Lung Rheology Responds Differently to Chemotherapy-induced or Native Tumor-derived Microparticles

The mechanics of the tumor microenvironment greatly affects the cell and whole tumor growth rate, the tumor cells’ invasive capacity, and their survival following treatment. Following chemotherapy, tumor cells respond by shedding increased numbers of tumor-derived microparticles (TMPs). It has been shown those TMPs support tumor growth. However, the physical and mechanobiological changes in the pre-metastatic sites which support tumor cell seeding have not been determined. Here, we have evaluated the effects of TMPs shed from breast cancer cells and TMPs treated with paclitaxel on rheology of organs in cancer-free mice. We measure various mechanical properties (e.g. elasticity and stiffness) of the tissue slices using shear rheometry. We observe that mouse lungs are in general viscoelastic with mucosal-like rheology.

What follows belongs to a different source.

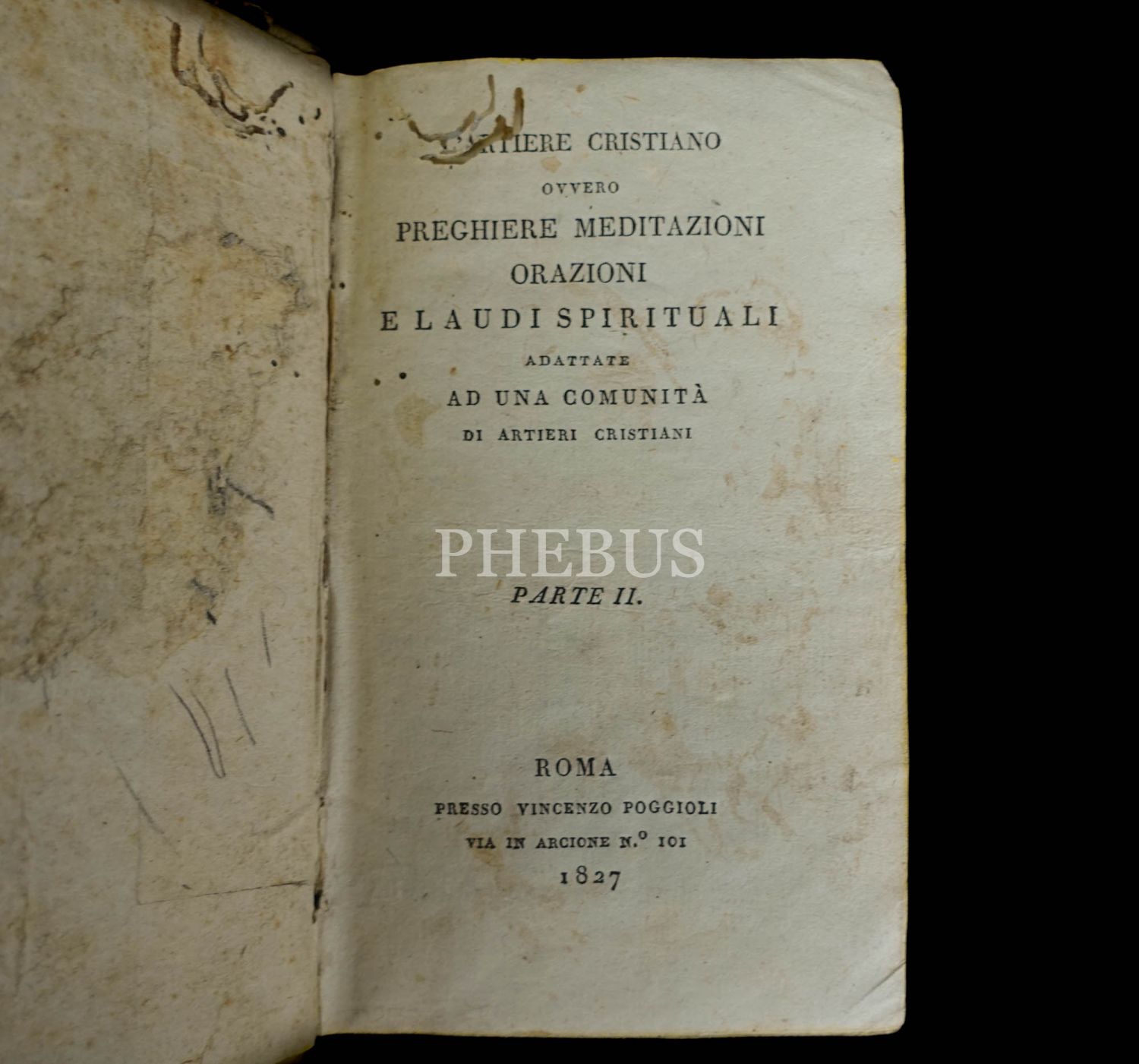L´ARTIERE CRISTIANO, OVVERO PREGHIERE, MEDITAZIONI, ORAZIONI E LAUDI SPIRITUALI ADATTATE AD UNA COMUNITÀ DI ARTIERI CRISTIANI, Giuseppe Marchi, 1827, Presso Vinceno Poggioli (Roma), 354 sayfa, 10x17 cm...

Following the in vivo exposure to control TMPs, we observe a wide range of stiffness both between mice and within slices from the same mouse; this shows the heterogeneity of the lung structure. In contrast, in lung slices from mice exposed to chemotherapy-induced TMPs we observe reduced and more homogenous stiffness. Furthermore, we observe statistically significant differences in the residual plasticity induced in the different samples when physiological-level deformations are induced; those relate e.g. to normal and heavy breathing cycles. Specifically, lungs expose to chemotherapy-induced TMPs are less compliant, they show less change in stiffness under low and high strains. Our results demonstrate that exposure to TMP induces changes in tissue (even) when cancer cells are not present in the body. These changes may indicate preparation of tumor-favorable pre-metastatic changes at a distant site.